Here is the call request that fails from the 12.4 system as logged on the 4700M:

Tnl 17209 L2TP: Parse AVP 0, len 8, flag 0x8000 (M) Tnl 17209 L2TP: Parse OCRQ Tnl 17209 L2TP: Parse AVP 14, len 8, flag 0x8000 (M) Tnl 17209 L2TP: Assigned Call ID 2 Tnl 17209 L2TP: Parse AVP 15, len 10, flag 0x8000 (M) Tnl 17209 L2TP: Serial Number 703800000 Tnl 17209 L2TP: Parse AVP 14, len 8, flag 0x8000 (M) Tnl 17209 L2TP: Assigned Call ID 2 Tnl 17209 L2TP: Parse AVP 16, len 10, flag 0x8000 (M) Tnl 17209 L2TP: Min BPS 1 Tnl 17209 L2TP: Parse AVP 17, len 10, flag 0x8000 (M) Tnl 17209 L2TP: Max BPS 56000 Tnl 17209 L2TP: Parse AVP 18, len 10, flag 0x8000 (M) Tnl 17209 L2TP: Bearer Type 3 Tnl 17209 L2TP: Parse AVP 19, len 10, flag 0x8000 (M) Tnl 17209 L2TP: Framing Type 3 Tnl 17209 L2TP: Parse AVP 21, len 9, flag 0x8000 (M) Tnl 17209 L2TP: Called Number S=1 Tnl 17209 L2TP: Parse Cisco AVP 102, len 6, flag 0x0 Tnl 17209 L2TP: Username Tnl 17209 L2TP: No missing AVPs in OCRQ

Here is a call request from a 12.2 system that works, again as logged on the 4700M:

Tnl 37026 L2TP: Parse AVP 0, len 8, flag 0x8000 (M) Tnl 37026 L2TP: Parse OCRQ Tnl 37026 L2TP: Parse AVP 14, len 8, flag 0x8000 (M) Tnl 37026 L2TP: Assigned Call ID 2 Tnl 37026 L2TP: Parse AVP 15, len 10, flag 0x8000 (M) Tnl 37026 L2TP: Serial Number 172300000 Tnl 37026 L2TP: Parse AVP 16, len 10, flag 0x8000 (M) Tnl 37026 L2TP: Min BPS 1 Tnl 37026 L2TP: Parse AVP 17, len 10, flag 0x8000 (M) Tnl 37026 L2TP: Max BPS 10000 Tnl 37026 L2TP: Parse AVP 18, len 10, flag 0x8000 (M) Tnl 37026 L2TP: Bearer Type 3 Tnl 37026 L2TP: Parse AVP 19, len 10, flag 0x8000 (M) Tnl 37026 L2TP: Framing Type 3 Tnl 37026 L2TP: Parse AVP 21, len 9, flag 0x8000 (M) Tnl 37026 L2TP: Called Number S=1 Tnl 37026 L2TP: No missing AVPs in OCRQ

The differences I see are:

-The 12.4 system repeats AVP14 (Assigned Call ID).

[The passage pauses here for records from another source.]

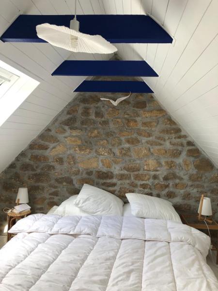 – Une chambre mansardée avec un lit pour deux personnes 160×200 : literie neuve
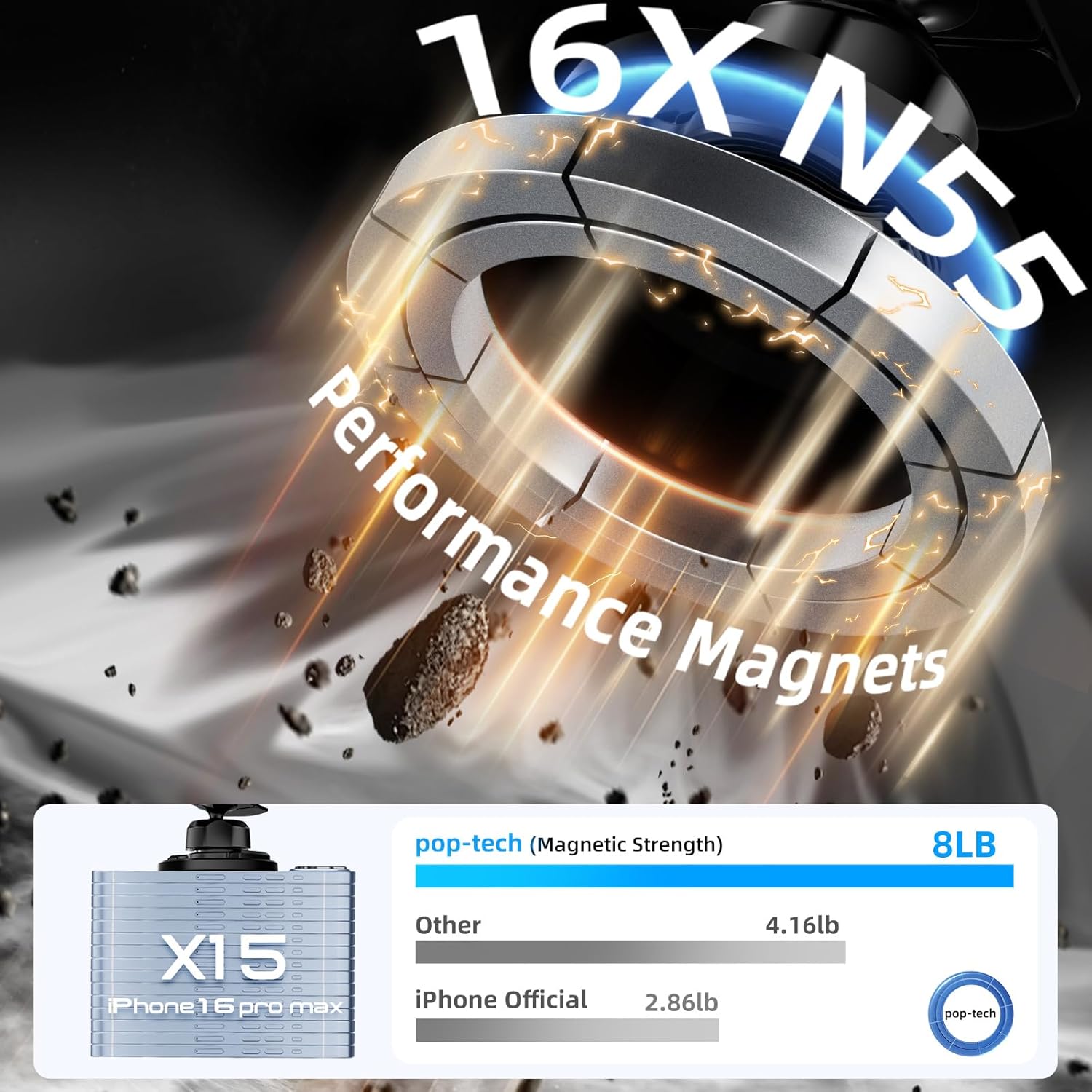 - Força Magnética Ideal: Após milhares de testes, a Pop-Tech encontrou o equilíbrio perfeito da força magnética, utilizando um design 16XN55 que fixa seu celular de forma segura. A colocação e remoção do celular são rápidas e fáceis, sem dificuldades após a adsorção.
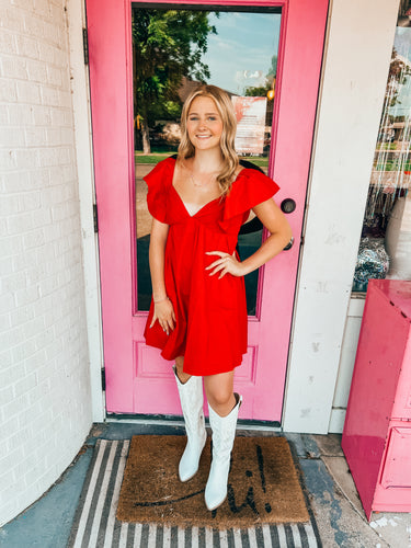 Poplin ruffle dress w/ bow tie back
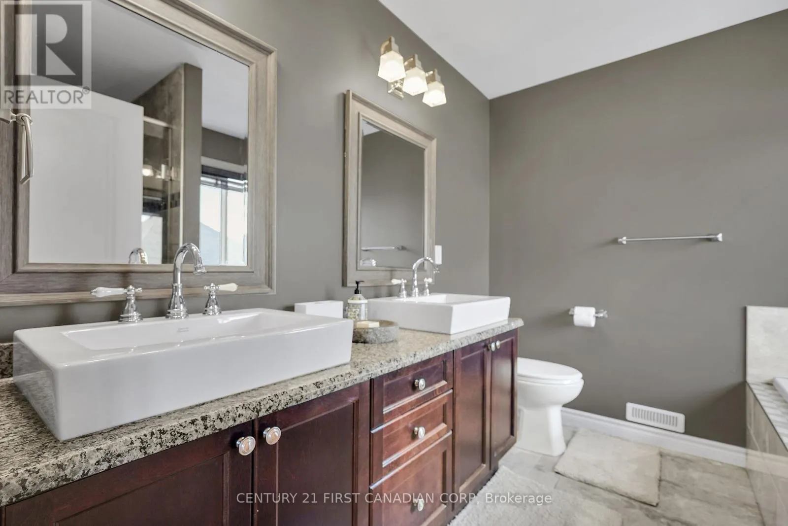 Cross Streets: Beaverbrook/ Wonderland Rd. ** Directions: Intersection of Whetherfield St / Beaverbrook Ave and Roulston St. Welcome to this beautiful family home in the highly sought-after Northwest London Neighbourhood. Offering approximately 2,000 Sq ft above grade plus a finished basement, this well maintained home was originally a model home and showcases quality finishes throughout. The open concept main floor features a spacious living room with hard wood flooring, a gas fireplace and a bright dining room. The kitchen boasts granite countertops, backsplash, a functional pantry and ample cabinetry. Upstairs, you will find a sun-filled family room, ideal for relaxing or as a versatile additional living space. Just a few steps up are three comfortable bedrooms, including a primary suite with a 5- piece ensuite and a walk-in closet with built-ins. A convenient second level laundry room completes this floor. The finished basement expands your living space with a recreation room, two additional bedrooms and a 3-piece bathroom, perfect for guests or teens. Step outside to enjoy the oversized high deck overlooking a beautifully recently landscaped backyard (2025) ideal for outdoor gatherings. Recent updates include Three new split units for added cooling and heating comfort in the family room, primary bedroom and the third bedroom (2025). The concrete drive way has been extended to become a three car parking space (2019). New Fridge with warranty (2023). New Stove with warranty (2025). New gas line for an option of a Gas Stove (2025). New Kitchen sink (2024). Carpet in the second level was replaced in (2022). New Stucco exterior (2024).This home is ideally located close to schools, parks, restaurants and shopping centers. Don't miss your chance to view this exceptional property that is the perfect place to call home. (id:27476)
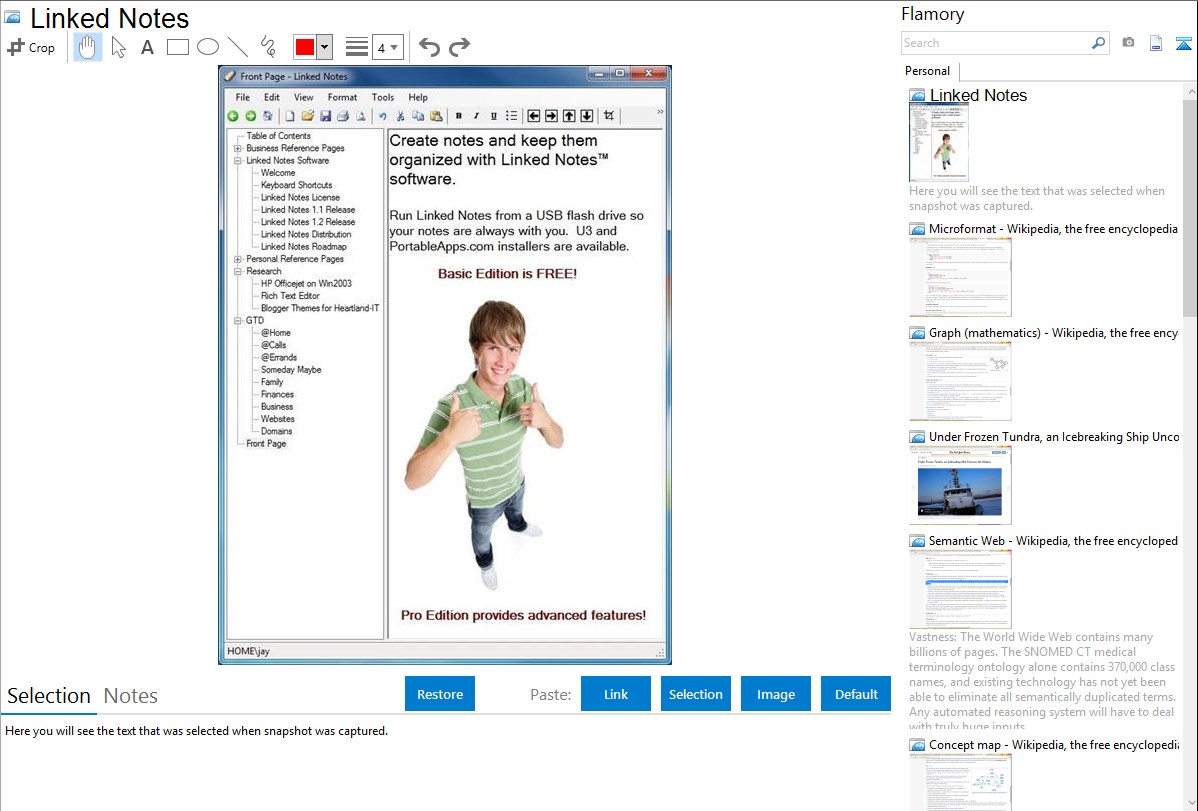 Flamory helps you capture and store screenshots from Linked Notes by pressing a single hotkey. It will be saved to a history, so you can continue doing your tasks without interruptions. Later, you can edit the screenshot: crop, resize, add labels and highlights. After that, you can paste the screenshot into any other document or e-mail message.

-The 12.4 system requests a Max BPS of 56000 as opposed to 10000 for the 12.2 system.

-The 12.4 system include Cisco AVP102 (Username) while the 12.2 system does not.

My thought is that one of these differences is upsetting the server, though of course it might be something else in the earlier tunnel negotiation. Unfortunately, the 4700M does not log the reason that it is claiming "Insufficient config" and I see no obvious way to tweak the 12.4 system to make its requests more like the 12.2 system's.

Has anyone seen anything like this?

Before you suggest upgrading the modem server to 12.4, note that that would require replacing the router (since the 4700M tops out as 12.2) and I am concerned about a ripple effect as the 4700M also manages some outgoing l2tp tunnels to other 12.2 devices.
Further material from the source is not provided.